Paul Eremenko, former chief technology officer for Airbus SE (Leiden, Netherlands) and United Technologies Corp. (Farmington, Conn., U.S.), has co-founded Universal Hydrogen (Los Angeles, Calif., U.S.) to provide the infrastructure necessary for hydrogen-powered aviation. Air travel accounts for roughly 2.5% of global greenhouse gas emissions. Airbus and the French government have announced plans to address this by developing the first decarbonized commercial aircraft to enter service by 2035. Airbus has announced three preliminary aircraft designs, all based on hydrogen-fueled propulsion.
“The key challenge, in our view, is the infrastructure,” says Universal Hydrogen CTO, J.P. Clarke. “Instead of the time and cost to build pipelines and specialized hydrogen transportation systems, we want to leverage the existing containerized freight transportation infrastructure combined with new, efficient technology to provide a low capital investment solution. Our twin-capsule modules enable easy filling, transport and loading onto the aircraft and much lighter weight than batteries. This approach is also scalable. As demand grows, so does the supply network, simply increasing the number of modules in circulation, but with a low barrier to entry.”
Turboprop aircraft conversion
The company plans to kick-start the market by converting ATR and Dash 8 twin-turboprop regional aircraft to hydrogen fuel-cell propulsion.
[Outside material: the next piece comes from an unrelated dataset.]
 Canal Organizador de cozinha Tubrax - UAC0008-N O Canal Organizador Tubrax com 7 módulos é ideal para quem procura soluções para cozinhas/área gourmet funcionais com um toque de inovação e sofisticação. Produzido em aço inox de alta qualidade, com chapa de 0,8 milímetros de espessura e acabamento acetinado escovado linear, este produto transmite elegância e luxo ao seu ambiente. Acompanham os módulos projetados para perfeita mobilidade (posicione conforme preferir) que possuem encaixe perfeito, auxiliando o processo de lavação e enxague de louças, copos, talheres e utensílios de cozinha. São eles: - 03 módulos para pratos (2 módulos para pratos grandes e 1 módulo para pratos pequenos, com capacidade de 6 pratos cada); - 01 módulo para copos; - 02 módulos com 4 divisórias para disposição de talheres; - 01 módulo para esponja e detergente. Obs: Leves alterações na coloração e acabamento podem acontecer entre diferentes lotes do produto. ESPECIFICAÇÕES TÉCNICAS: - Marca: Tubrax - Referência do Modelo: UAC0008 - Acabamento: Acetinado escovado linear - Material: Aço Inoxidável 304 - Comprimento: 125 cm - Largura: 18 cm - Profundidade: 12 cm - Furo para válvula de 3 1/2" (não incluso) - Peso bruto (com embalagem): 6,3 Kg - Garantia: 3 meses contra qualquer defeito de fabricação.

The twin-capsule module developed for these aircraft uses 850-bar cylinders made with a mutli-layered, weight optimized, continuous carbon braided preform over a low permeability membrane for high-pressure storage of hydrogen gas; or two metal tanks, insulated but not actively cooled, to transport liquid hydrogen. The modules have been sized to provide 400 nautical miles of range with high-pressure gas and 550 nautical miles with liquid hydrogen.
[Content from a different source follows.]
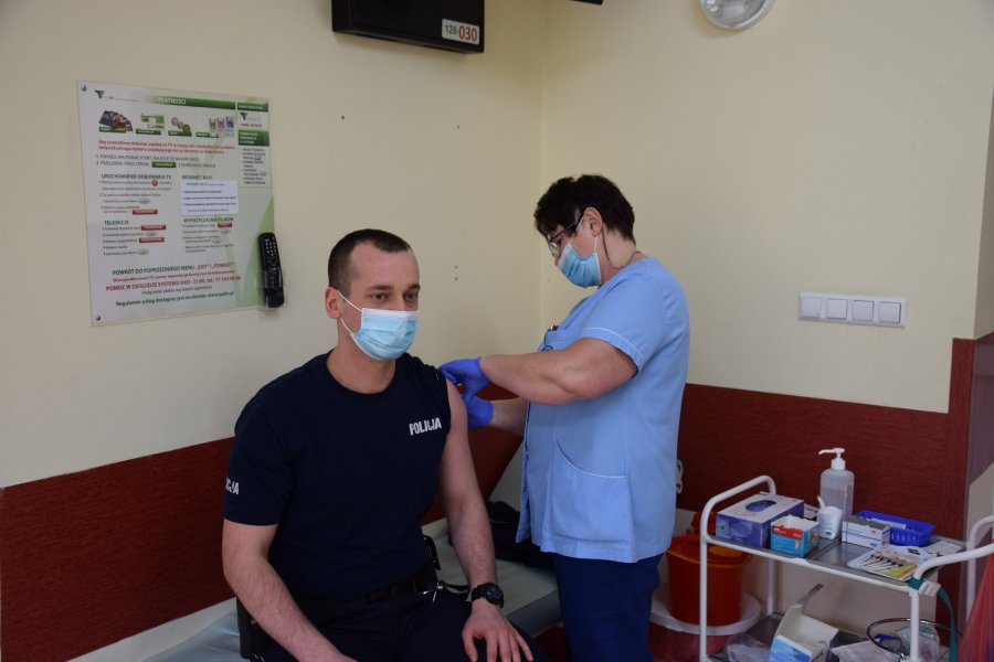 24 marca br., w szpitalu tymczasowym na PGE Narodowym odbyła się inauguracja akcji szczepienia służb mundurowych. Policjanci z garnizonu małopolskiego rozpoczęli szczepienia już 25 marca br. W szpitalu MSWiA w Krakowie, akcję zainaugurował, przyjmując pierwszą dawkę szczepionki, Zastępca Komendanta Wojewódzkiego Policji w Krakowie insp. Rafał Leśniak. Za jego przykładem, szczepionkę przyjęli kolejni policjanci. To funkcjonariusze pełniący funkcje w rożnych pionach i na różnych stanowiskach, w szczególności z tzw. pierwszej linii. W szpitalu przy ul. Galla szczepili się policjanci z komendy wojewódzkiej, miejskiej i powiatowej w Krakowie oraz z komend powiatowych z Miechowa, Proszowic i Wieliczki. Proces szczepień małopolskich policjantów odbywał się również w szpitalu w Nowym Targu, gdzie podano szczepionkę mundurowym z Myślenic, Nowego Targu, Suchej Beskidzkiej i Zakopanego. Natomiast, w szpitalu w Chrzanowie szczepili się policjanci z komend powiatowych z Olkusza, Chrzanowa, Oświęcimia i Wadowic. W kolejnych dniach, przyjęli szczepionkę także mundurowi z pozostałych jednostek garnizonu małopolskiego - w szpitalu w Tarnowie i Nowym Sączu. Szczepienia przebiegały bez przeszkód, szczepionki dotarły na czas a funkcjonariuszom wyznaczono już termin szczepień drugą dawką.

Up to three modules will be loaded into the rear fuselage of the planes via the service door, widened slightly as part of the supplemental type certificate (STC) modification. The hydrogen will be plumbed external to the fuselage into the nacelles, each replacing the turboprop engine with a 2-megawatt fuel-cell stack powering an electric motor for the propeller plus a smaller motor for auxiliary power. The fuel-cells use the hydrogen as fuel and emit only water vapor, which is collected and dumped at flight conditions when no contrails are produced for minimal environmental impact. A thermal-management system including a radiator on the nacelle will cool the fuel-cell and motor.
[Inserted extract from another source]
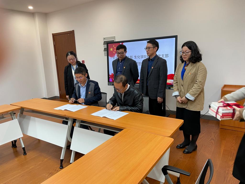 两个党支部的支部书记签署了党支部结对共建协议,机关第九党支部向性爱视频 研究生党支部赠送了党史学习资料。
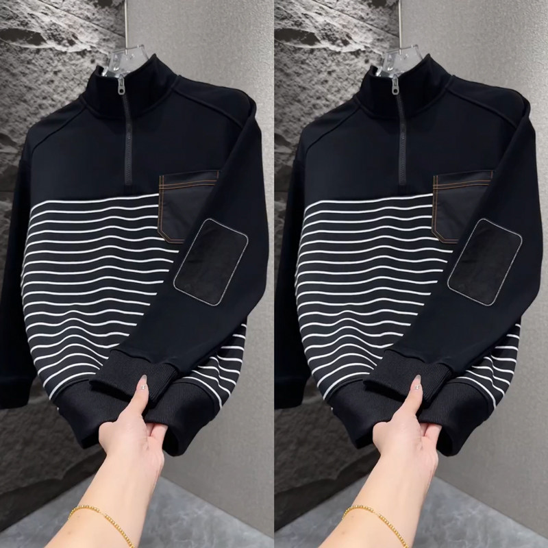 2025秋冬季新款时尚百搭潮流条纹卫衣男士立领半拉链加绒加厚上衣

The retrofit has been designed to maintain aircraft performance with the above-stated range based on gas or liquid fuel but does require losing two rows of seats to accommodate the twin-tank modules. The rear galley also moves to the front, losing an additional two seats, for a total capacity reduction of 40 passengers. Despite this, Universal Hydrogen estimates operating economics to be roughly unchanged in terms of cost per available seat mile.
Even though hydrogen is currently more expensive than jet fuel, its cost is expected to come down as the significant production increases announced and planned come online. Eremenko also estimates at least a 25% improvement in maintenance and overhaul costs for a fuel-cell-electric powertrain versus a combustion engine.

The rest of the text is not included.